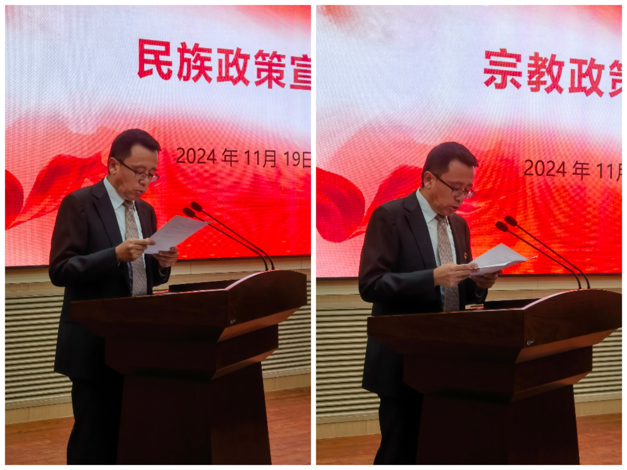述职测评会结束后,公司党委副书记侯建峰进行了民族、宗教政策宣讲,结合学院自身情况向参会人员讲解了宗教和民族政策对学院的特殊意义,提醒学院教职工在工作中一定要学懂、悟透党的宗教政策和民族政策,把握好原则,掌握好工作方法。
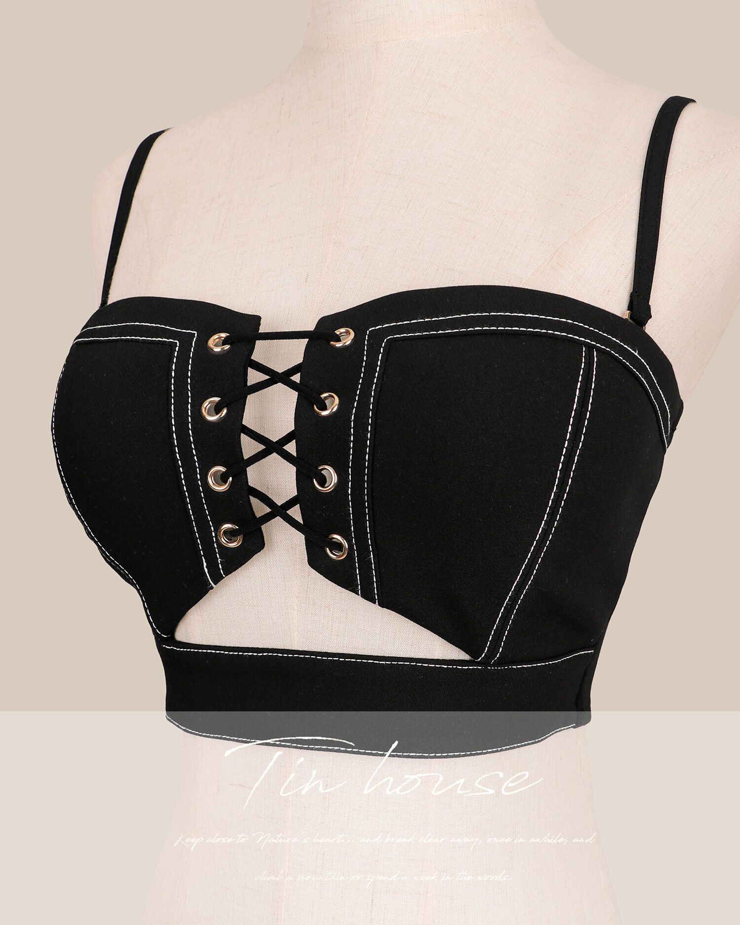 限定-個性穿繩鏤空車線馬甲
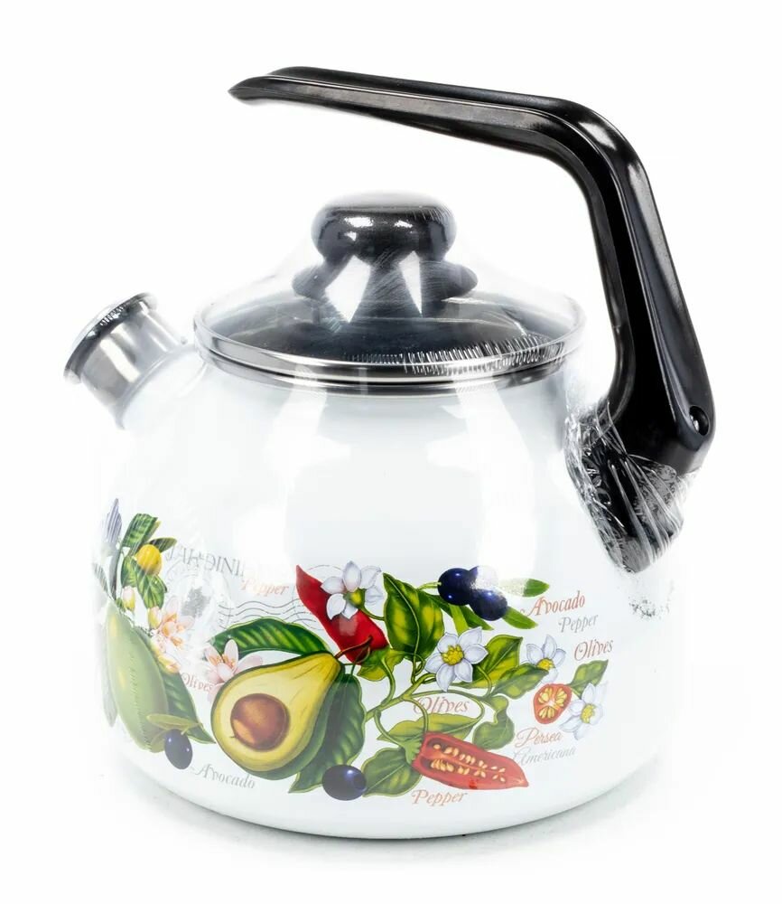 Чайник эмалированный со свистком СтальЭмаль Вкусный компот, 3 л
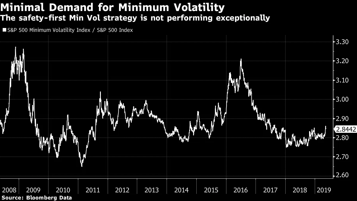 寻找有效的策略也几乎没有给出投资者之间存在巨大恐惧的感觉。以下图表显示了标准普尔500最低波动率指数。最低波动率策略购买相对平静的低波动率股票,这些股票在压力时期往往表现优于其他股票。这在近年来一直是交易所交易基金销售人员中非常受欢迎的策略,但最近表现不佳:
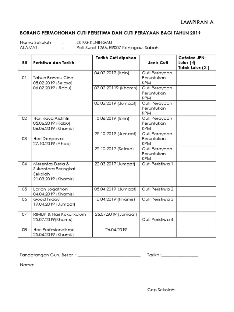 Cuti perayaan peruntukan kpm 2019. Takwim ini merupakan jadual persekolahan berserta cuti sekolah yang telah disusun mengikut kesesuaian bagi tahun 2019. Sebelum anda merujuk kepada cuti perayaan 2019 kpm di bawah adalah penting untuk anda menbuat semakan teliti takwim persekolahan yang dikeluarkan oleh kpm sebagai rujukan anda. Perayaan hari gawai dayak.
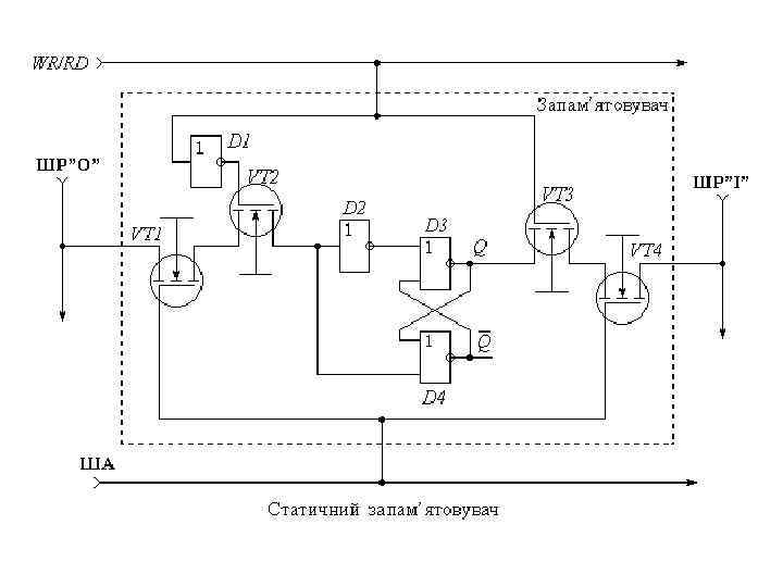 • Транзистори VT 1 та VT 4 утворюють двонаправлені ключі звернення по шині адреси ША до запам’ятовувача. • При ША = 0 (транзистори VT 1 та VT 4 закриті) запам’ятовувач зберігає інформацію. • Стан шини адреси ША = 1 активізує запам’ятовувач, під’єднуючи вхід запису до розрядної шини вхідних даних ШР ”О” та вихід зчитування до розрядної шини вихідних даних ШР “І”. • Транзистори VT 2 та VT 3 утворюють двонаправлені ключі вводу/виводу (запису або зчитування) даних, тобто звернення по шині WR/RD. • При низькому рівні на шині WR/RD логічний нуль, через що транзистор VT 3 закритий і зчитування неможливе. Завдяки інвертору D 2, транзистор VT 2 відкритий і під’єднує через VT 1 (при ША = 1) вхід запису до розрядної шини вхідних даних ШР ”О”.
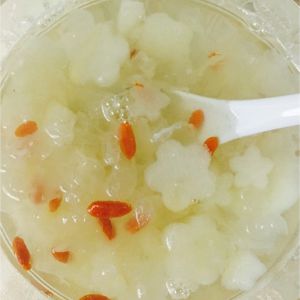 锅内放足够多的水,烧开后放入银耳(银耳泡发后去掉黄色部分,撕成小朵)煮10分钟,再放入雪梨,再煮5-6分钟后放入冰糖,熬至雪梨变软(大概10分钟左右),放入枸杞
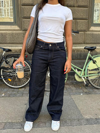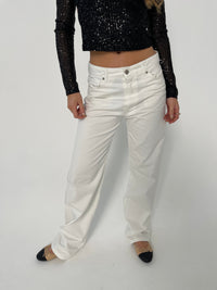 These jeans have a loose and baggy fit. They have a straight fit and a low waist. The trousers have the coolest detail on one back pocket.
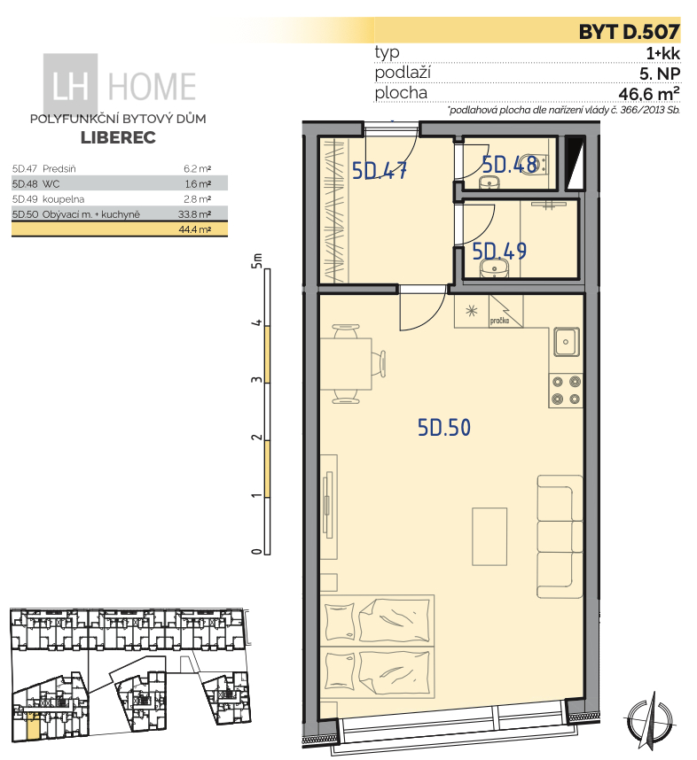 Prodej bytu, 1+kk, 46 m²
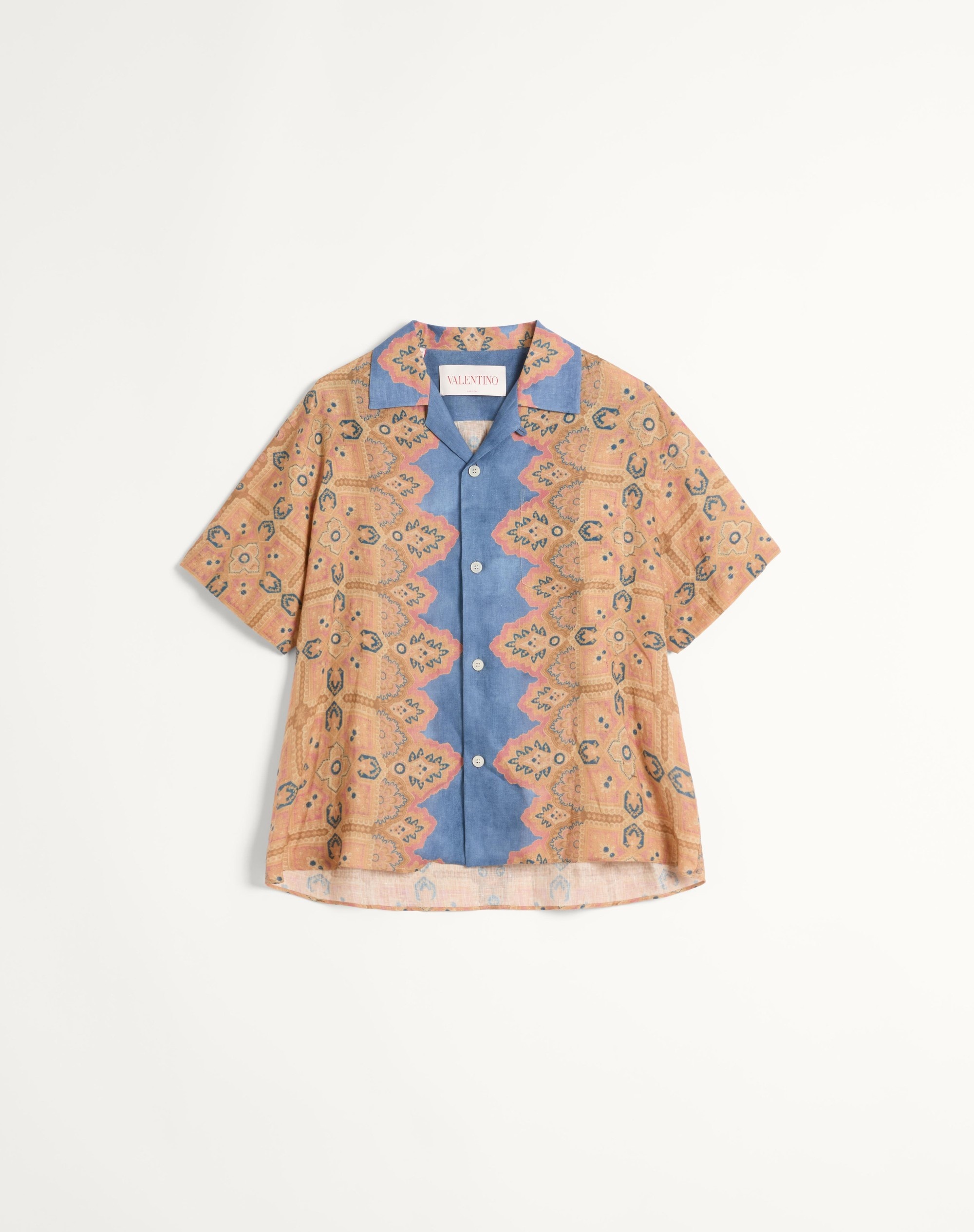 LINEN BOWLING SHIRT WITH VOYAGE IMAGINAIRE PRINT
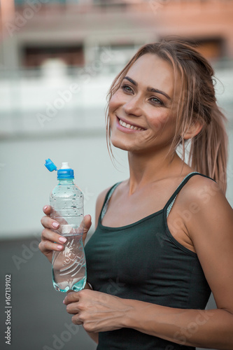 healthy lifestyle young woman runner drinking water while doing her exercise
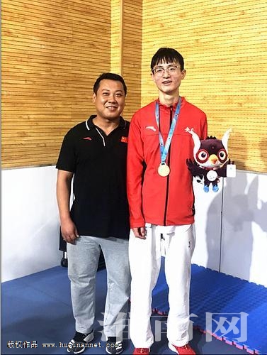 图二:选手曹光辉获奖后与教练王辉合影留念。
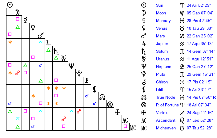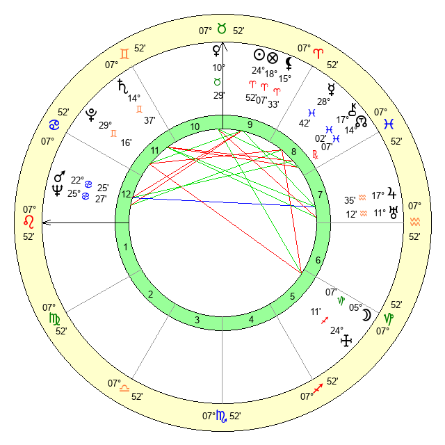| Sun | 24 Aries 52 | 25 Aries 58 | 11 Leo 26 |
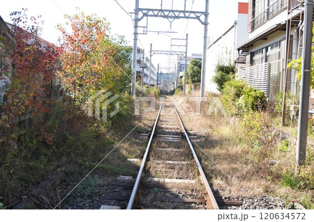 住宅街の路面電車の曲がりくねったレールの線路の風景
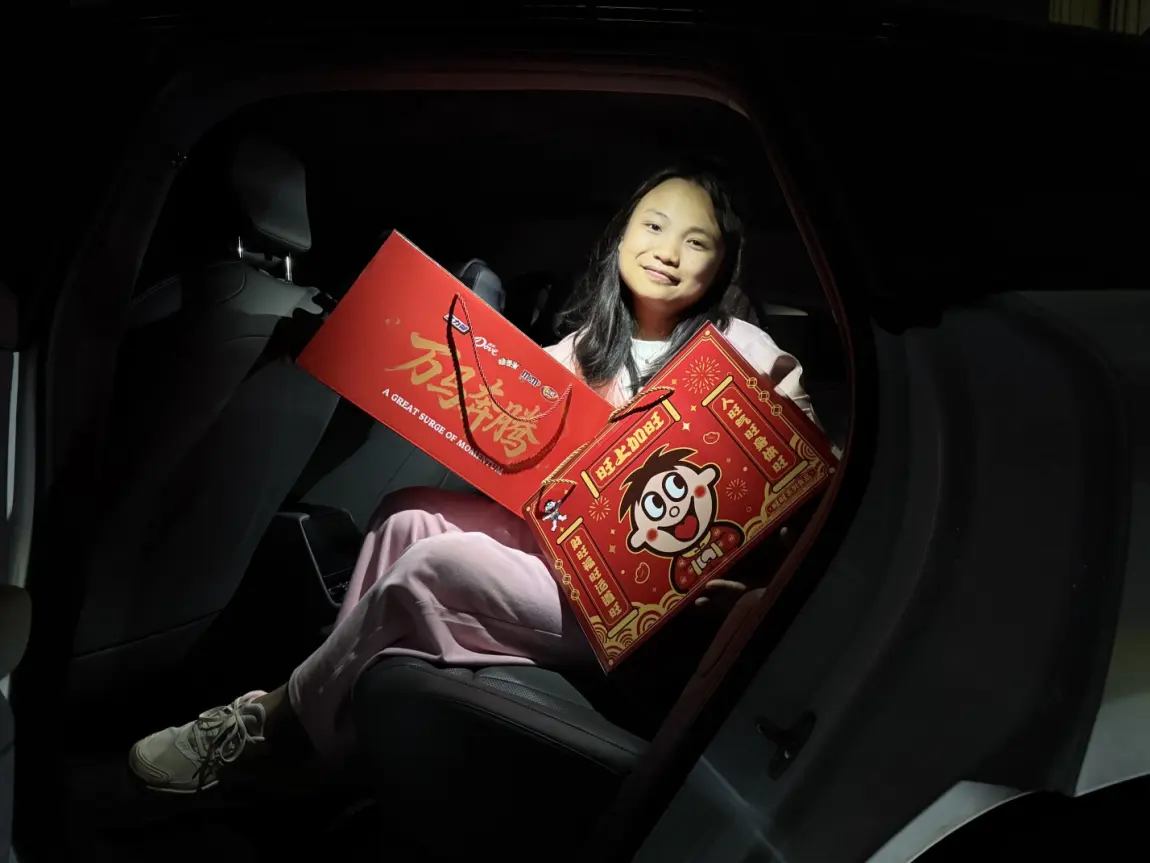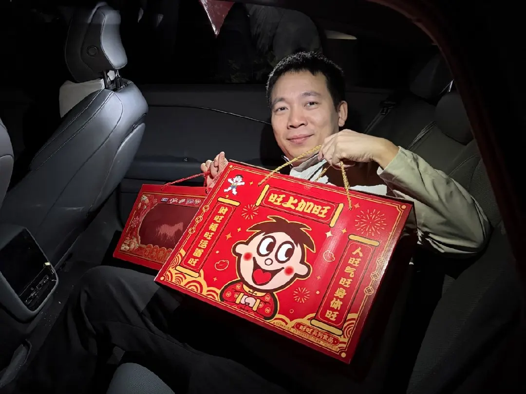 驶上高速,从容感前所未有。空间焦虑成了历史:爸妈的旺仔牛奶码得稳当;妈妈念叨的丹麦曲奇礼盒有了“专座”;孩子们的玩具塞了满袋。副驾只放一盒我的旺旺饼干。后视镜里是年货,前方是归家路。我懂了,“满载而归”装的不只是物件,更是一整年未说的牵挂。
****************************************
Problem: Your copy should hold only the lines from the one containing "锅内放足够多的水,烧开后放入" through the last line of the listing, both included, retyped exactly and free of pictures.

Answer to this task:
 锅内放足够多的水,烧开后放入银耳(银耳泡发后去掉黄色部分,撕成小朵)煮10分钟,再放入雪梨,再煮5-6分钟后放入冰糖,熬至雪梨变软(大概10分钟左右),放入枸杞
 These jeans have a loose and baggy fit. They have a straight fit and a low waist. The trousers have the coolest detail on one back pocket.
 Prodej bytu, 1+kk, 46 m²
 LINEN BOWLING SHIRT WITH VOYAGE IMAGINAIRE PRINT
 healthy lifestyle young woman runner drinking water while doing her exercise
 图二:选手曹光辉获奖后与教练王辉合影留念。
| Sun | 24 Aries 52 | 25 Aries 58 | 11 Leo 26 |
 住宅街の路面電車の曲がりくねったレールの線路の風景
 驶上高速,从容感前所未有。空间焦虑成了历史:爸妈的旺仔牛奶码得稳当;妈妈念叨的丹麦曲奇礼盒有了“专座”;孩子们的玩具塞了满袋。副驾只放一盒我的旺旺饼干。后视镜里是年货,前方是归家路。我懂了,“满载而归”装的不只是物件,更是一整年未说的牵挂。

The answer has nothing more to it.